On 11 June 2013 at 9:38 am btw said:
I thought you didn't need to complete an independant audit for two years?
On 11 June 2013 at 1:14 pm Andrew Brockway said:
Hi BTW. The wording in the Act (Section 59) is "A reporting entity must ensure its risk assessment and AML/CFT programme are audited every 2 years or at any other time at the request of the relevant AML/CFT supervisor". Hence the FMA (being a supervisor) can request an audit at any time.
On 11 June 2013 at 5:27 pm btw said:
That's right. So until requested its not due for another two years..... Why have they made a blanket request that everyone must have an audit from inception? Why indeed even require an audit of such a short time period. E.g., if we get an audit done on 2 July to comply with this latest guidance the auditable time period is only a day. What's the point?.
On 11 June 2013 at 10:05 pm DSI said:
FMA pushing AML requirements on all players most AFAs never come across anyone laundering money but have to cover the cost of the requirements but the likes of the big Aussie banks get caught laundering funds for Liberty Reserve with tens of millions of dollars in their accounts and no one blinks an eye? You wonder why public trust is lacking?
On 11 June 2013 at 10:20 pm Angela said:
What a load of rubbish have any of the regulators looked into the banks laundering funds for Liberty Reserve? But no add more rubbish admin onto the AFAs no wonder the world is so fecked!!
On 12 June 2013 at 7:56 am Curious said:
Any word on who can do audits yet?
On 13 June 2013 at 10:18 am Concerned Stakeholder said:
Curious - any qualified person can do the audit as long as they did not provide recommendations for the actual "Risk Assessment" and AML Process you use. So if your accountants gave you advice on how to access the risks in your business and how to put the AML process in place then they can't do the Audit. The audit must be independent and there are a number of Regulatory Compliance Advisers out there. To name a few (no recommendation - you make you own choice): IDS (Barry Read), Strategi, Adviser Business Compliance (ABCompliance)and Allan Lloyd (PM Services). I have heard that costs may range from $400 to $800 depending on the type of Audit requested as there are two options. Travel costs will probably be on top of that so advisers should club together to get several AFAs in one city done together.
On 13 June 2013 at 12:37 pm Bernie said:
I'd be wanting to make sure my Risk Assessment (at the very least) had been audited, given this is what the AML programme is based on. You wouldn't want to get it wrong as it will increase your compliance costs. The AML programme has to operate for a period of time to be able to audit the 'effectiveness' not just the design of controls; 3 months onwards should allow auditors to get a decent sample especially in respect of transaction monitoring. Otherwise the AML programme audit will just be limited to testing the design of controls.

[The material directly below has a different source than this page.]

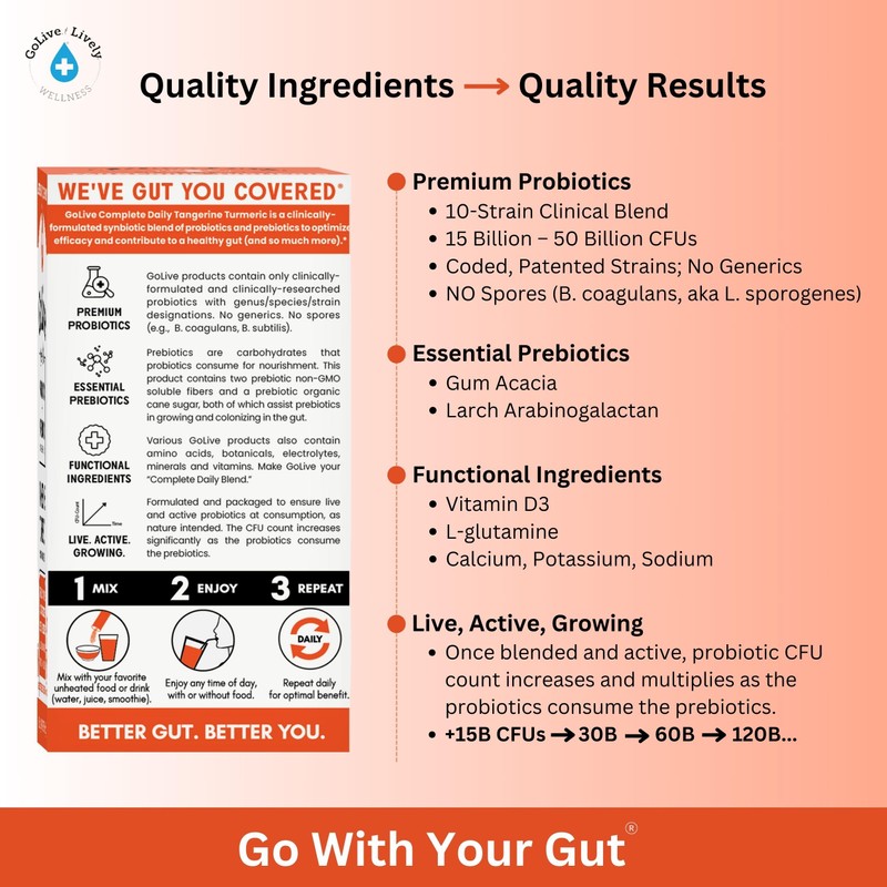 GoLive Prebiotic and Probiotic for Women, Men, Kids. Tangerine Turmeric Synbiotic Powder w/ L-Glutamine, Vitamin D3, Electrolytes. For Gut Health, Digestion, Metabolism, Immunity 15-50B CFUs.

The auditor needs to be 'suitably' qualified. You have to explain how your auditor is 'suitably' qualified to your supervisor when requested. Working in this space internationally means holding a relevant qualification from a recognised Instiution/Body; no 'test' on this 'downunder' yet but would imagine the ACAMS qualification a good starting point. As a Kiwi having spent 5 years dealing with AML enforcement offshore (Regulators in the USA, UK) we still have some catching up to.

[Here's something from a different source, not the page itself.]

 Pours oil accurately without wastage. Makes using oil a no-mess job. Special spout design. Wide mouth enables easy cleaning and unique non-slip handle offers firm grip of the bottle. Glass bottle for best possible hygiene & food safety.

Start looking at your transactions through an AML lens and I will guarantee you'll find interesting behaviors and patterns - these may or may not turn out to be something of an ML/FT nature. I have seen quite a bit of internal fraud pop up.

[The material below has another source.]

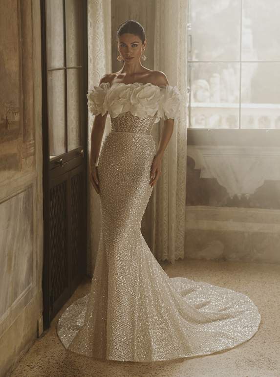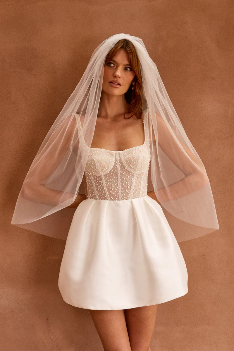Poppy perfectly encapsulates fun, youthfulness, opulence and modernity in the form of her sheer, pearlescent beaded, corset-like bodice and Mikado mini skirt lined to the zip with playful buttons.

On 13 June 2013 at 1:49 pm Concerned Stakeholder said:
Sounds like you would be well "qualified" Bernie. I spoke to the FMA about the term "Suitably qualified" and no mention was made about having any relevant qualification from any recognized Institution/Body. Their response was anyone who has a thorough understanding of the relevant regulations whatever that actually means . The published guidelines also state this quite clearly on pages 3 and 4 so your point of having ACANS quals as a starting point might be overdoing it a bit.